Saying the X and Y are "the same". They are not. Y is much smaller, has fewer genes, and pairs with X only at small regions.

Saying humans have "23 chromosomes". Humans have 46 chromosomes in 23 pairs (somatic cells) and 23 chromosomes (gametes).

Saying karyotypes show gene mutations. Karyotypes show chromosome-level changes (number, large rearrangements). Single-gene mutations are not visible on a karyotype; they need DNA sequencing or PCR.

Forgetting that non-disjunction can happen in either meiosis I or meiosis II. I: the homologous pair fails to separate.
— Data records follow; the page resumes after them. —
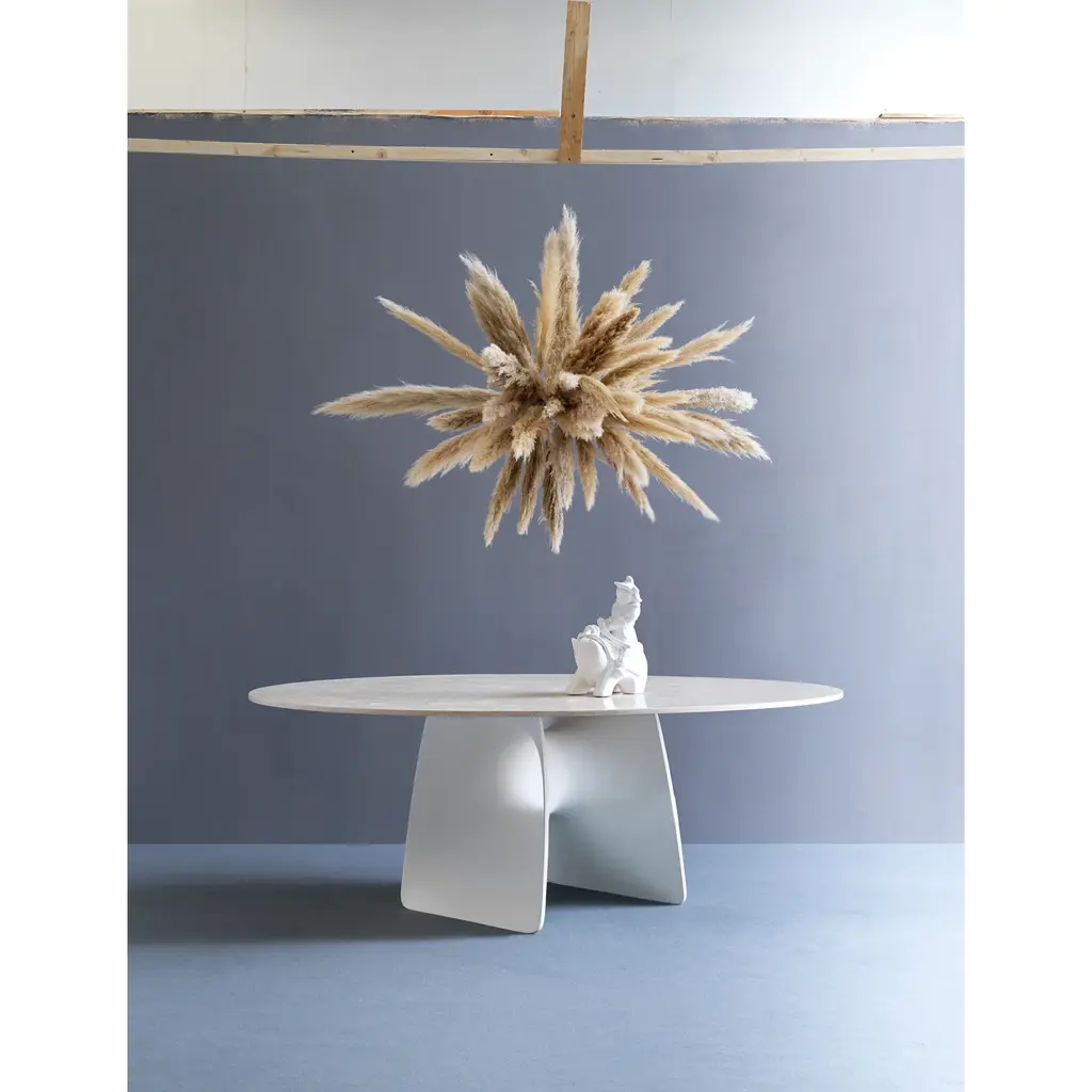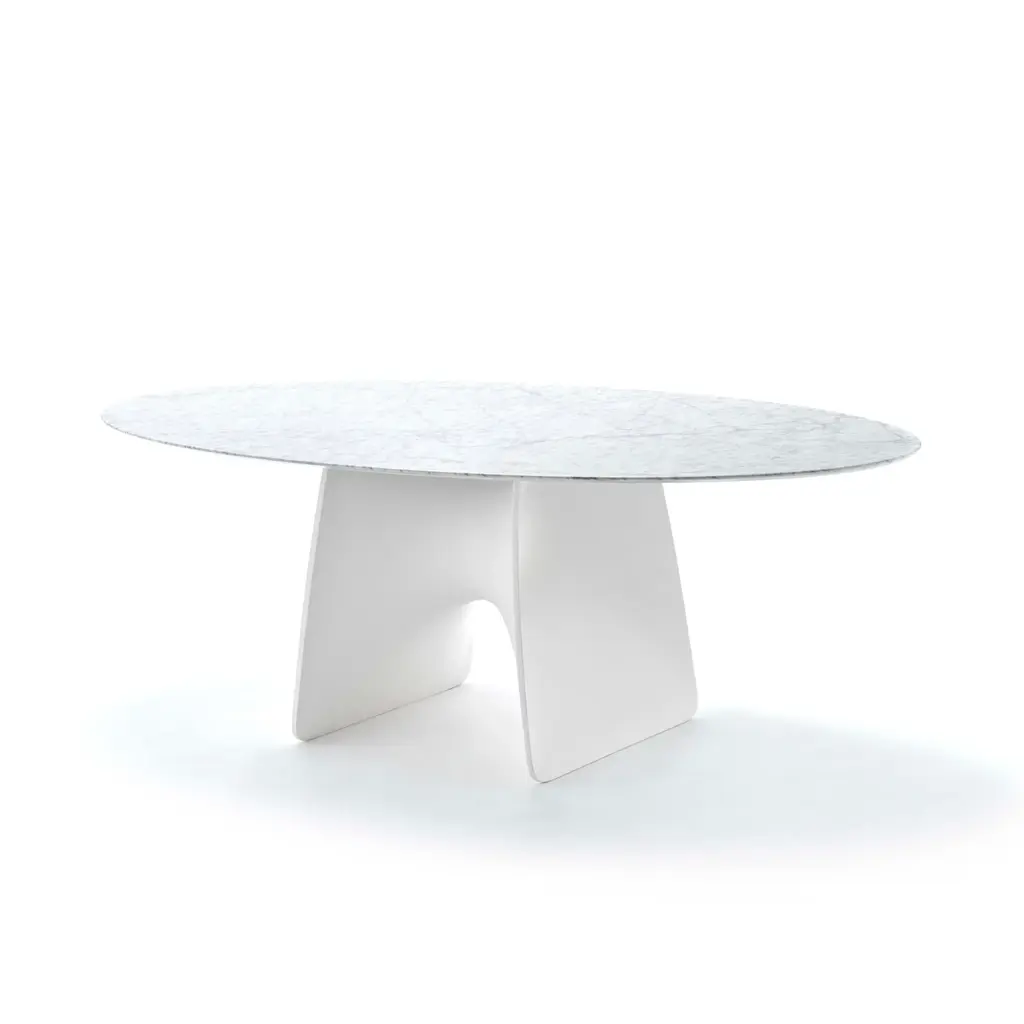 Lux is a round dining table featuring a base made of white Ekotek® and a top in natural stone or Carrara marble. This innovative table utilizes Ekotek®, composed of highly selected resins and loaded with pigments and natural minerals, resulting in a velvety surface that is easy to clean and non-toxic.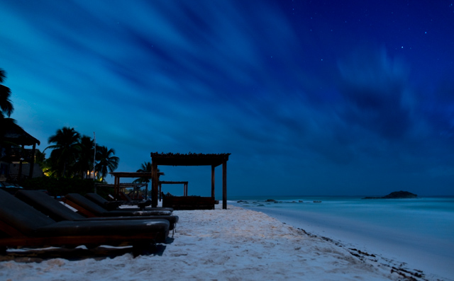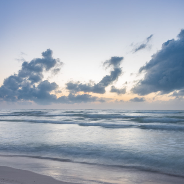 The alarm went off at 6am today, a full two hours before our scheduled departure. We had the beach to ourselves, and the sunrise was beautiful. Slowly going from moon light to sunshine; all in very delicate colours.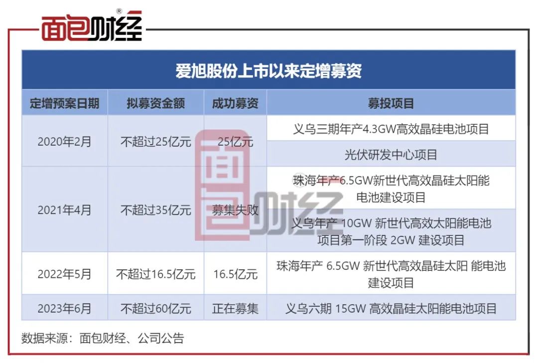 包括此次定增计划,爱旭股份2019年借壳上市以来已4次筹划定增,其中2次已完成。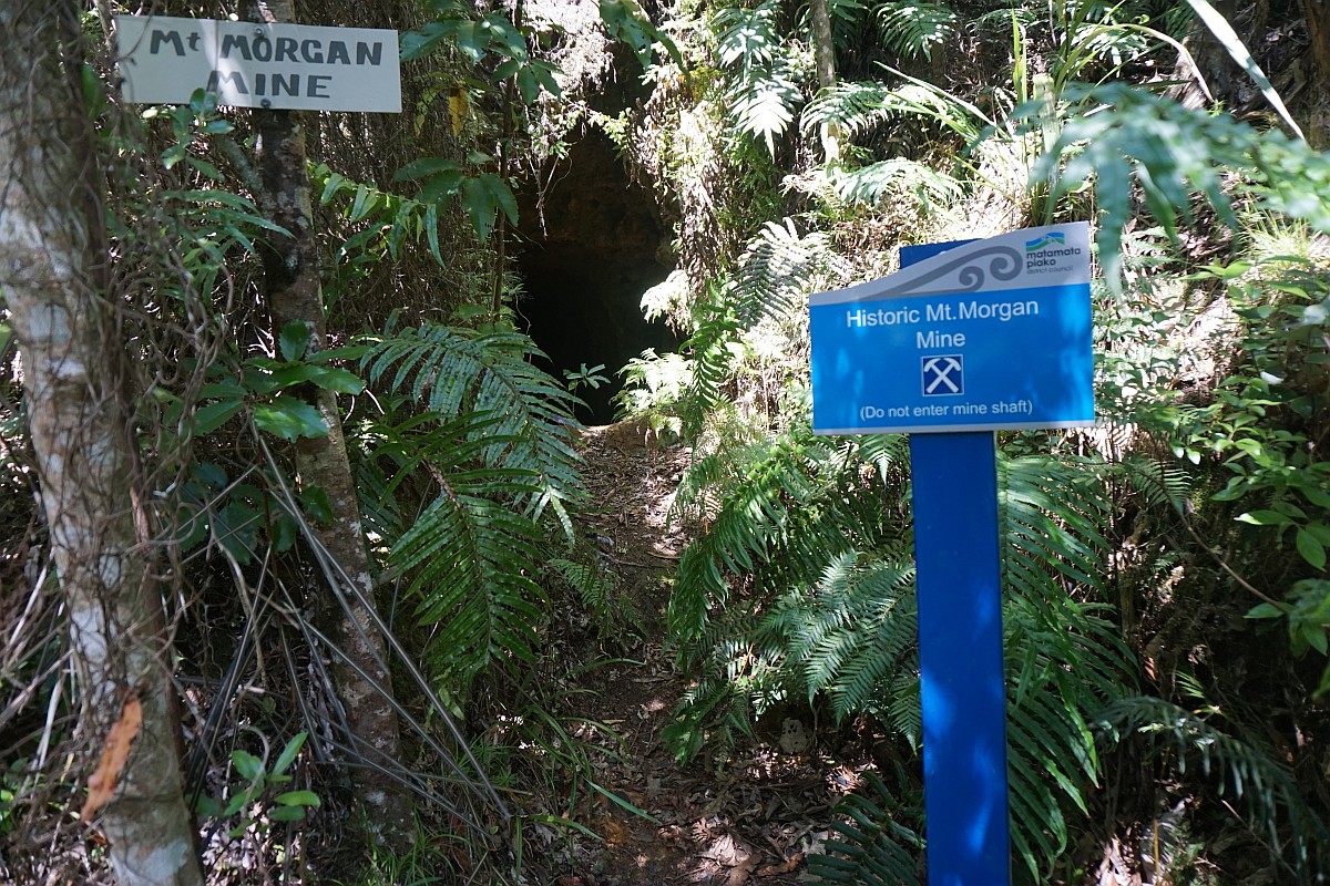 The flanks of Mt Te Aroha have been mined for gold and other minerals. Here the entrance to Mt Morgan Mine, alongside Horseman’s Track. There is no explanation for the origin of the name, when it was mined, and what the extracted from the mine.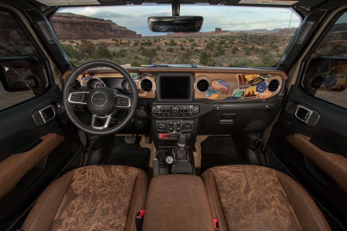 Jeep Wayout has a custom integrated roof-rack system for packing gear up top, and the truck bed houses a Mopar/Decked bed-drawer system for added lockable dry storage on long treks. Inside, bed-lined floors, plus trimmed brown leather seats with laser-etched inserts of topographical maps, have been added.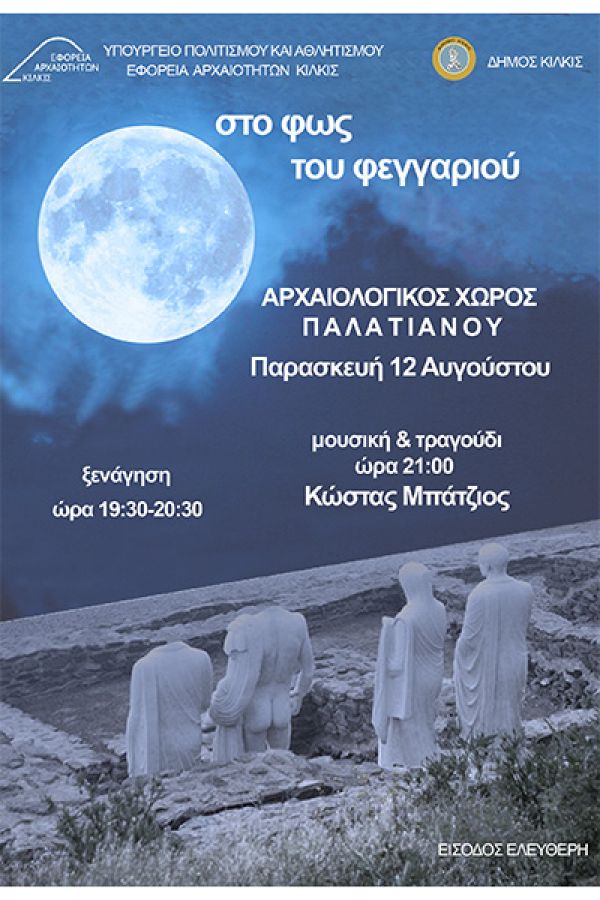 Την Παρασκευή 12 Αυγούστου, η Εφορεία Αρχαιοτήτων Κιλκίς - σε συνεργασία με τον Δήμο Κιλκίς - συμμετέχουν στον ετήσιο εορτασμό της Αυγουστιάτικης Πανσελήνου του Υπουργείου Πολιτισμού και Αθλητισμού και διοργανώνουν την εκδήλωση «Στο Φως του Φεγγαριού» στον αρχαιολογικό χώρο Παλατιανού.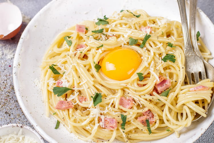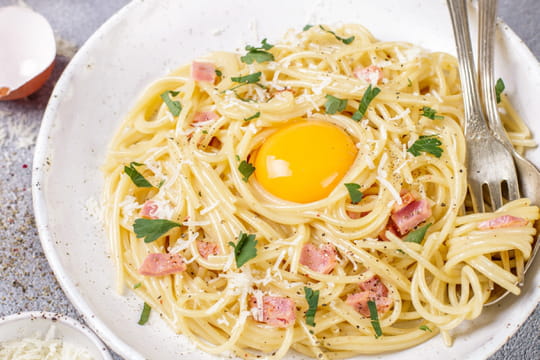 J'adore préparer les spaghettis carbonara comme ça ! Au mascarpone, lardons et un jaune d'œuf par-dessus, miam, un régal ! C'est à la fois simple, rapide et tellement bon !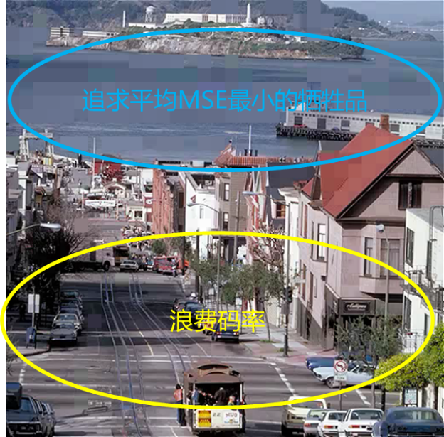 | 传统的编码方案:MINAVE (宏块平均MSE最小化),bits=500050。 | 感知质量一致化优化方案CPQ(宏块SSIM一致),bits=499955。 |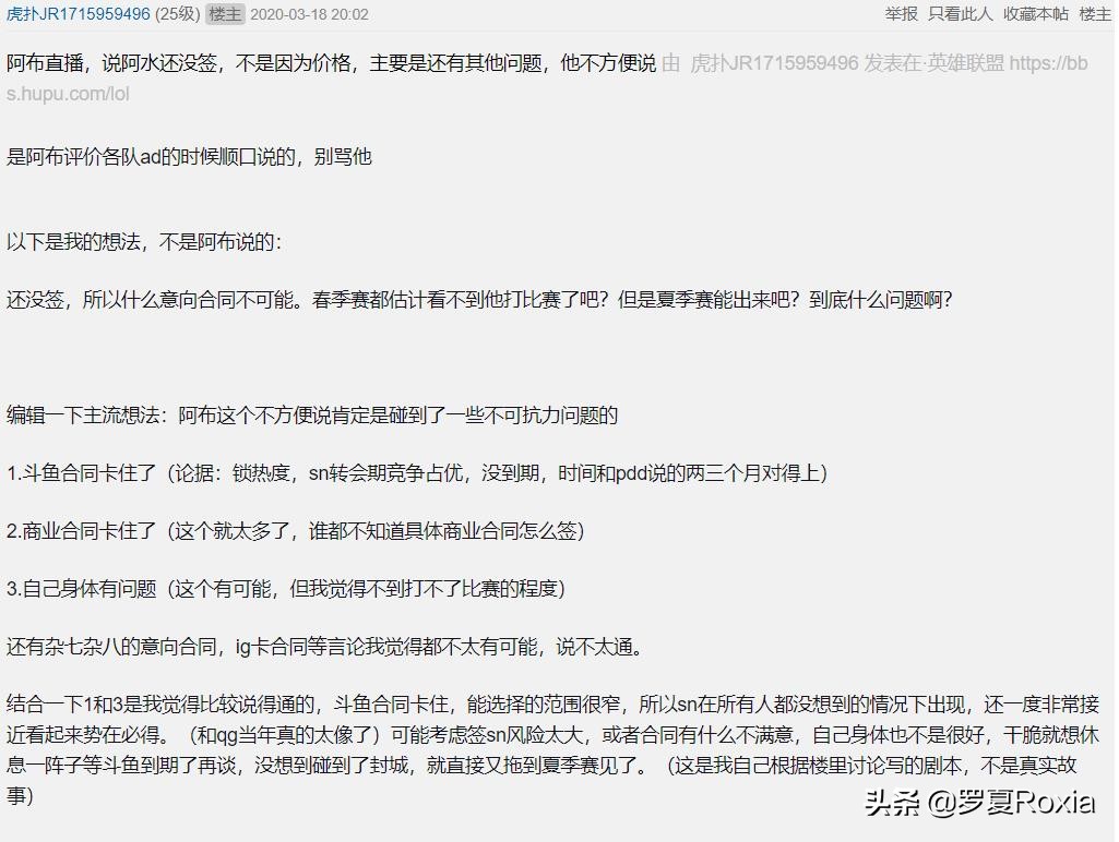 一般来说即便是转会期不想打职业也会发表公告提前告知,到现在既没有签约俱乐部也没有声明出来还是很奇怪的。但是在最近阿布的直播间说的一番话倒是让人对阿水的情况产生了一些猜测,阿布表示阿水之所以没有签约并非是因为价钱的原因,还有很多其他的外在原因。所以就有很多网友开始猜测到底是什么原因导致阿水到现在都没有办法签约的原因,其中最大的可能性应该是在IG时签约的商业合同被卡了,导致他没有办法好无顾虑的转到其他俱乐部。但是真实情况如何,现在还不得而知。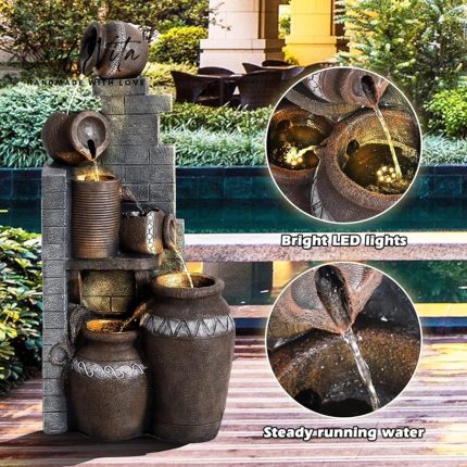 This Water Fountain is Made of Fine Grade Poly fiber with special coating of paint to make it weather resistant includes LED Lights.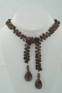 "This has been a favorite of mine since I first designed it. It looks great on everyone and works well with jeans, suits and dresses. (Really!) It comes in two slightly different looks. This one is beautifully faceted smokey quartz briolettes in a 24 inch length, end to end. The bottom is finished in flat smokey quartz drops for a bit more tailored look."

II: the sister chromatids fail to separate.

In one sentence

A chromosome is a length of DNA wound around histones into chromatin, condensed during cell division into the visible X-shape; humans have 46 chromosomes in 23 pairs (22 autosomal pairs plus XX in females or XY in males), and a karyotype is a visual display of these chromosomes used to identify numerical abnormalities (such as trisomy 21 in Down syndrome) and structural abnormalities (deletions, duplications, inversions, translocations).

Past exam questions, worked

Real questions from past VCAA papers on this dot point, with our answer explainer.

2023 VCE3 marksDescribe how DNA is organised into chromosomes in a eukaryotic cell.
Show worked answer →

A 3-mark answer needs DNA, histones, and the levels of packaging.

The DNA double helix wraps twice around a core of eight histone proteins to form a nucleosome (the "bead" on the "string" of DNA). Many nucleosomes joined by short stretches of linker DNA form chromatin, the working state of DNA in interphase.

During cell division, chromatin supercoils and condenses further: the nucleosome string coils into a 30-nm fibre, which loops and folds into the visible chromosome seen at metaphase.

Each chromosome is one continuous DNA molecule wound around histones. Humans have 46 chromosomes in 23 homologous pairs, totalling about 3 billion base pairs.

2025 VCE3 marksA karyotype shows three copies of chromosome 21. Identify the condition and explain how it arises.
Show worked answer →

A 3-mark answer needs identification, the mechanism, and the cellular outcome.

Three copies of chromosome 21 (trisomy 21) is Down syndrome.

It arises from non-disjunction during meiosis in one of the parents (usually the mother). Non-disjunction is the failure of homologous chromosomes to separate at meiosis I (or sister chromatids at meiosis II). One gamete ends up with 24 chromosomes (an extra 21) and the other with 22.

When the 24-chromosome gamete is fertilised by a normal 23-chromosome gamete, the zygote has 47 chromosomes including three copies of 21. The risk of non-disjunction rises with maternal age. Karyotyping confirms the diagnosis prenatally (from amniocentesis or CVS) or after birth.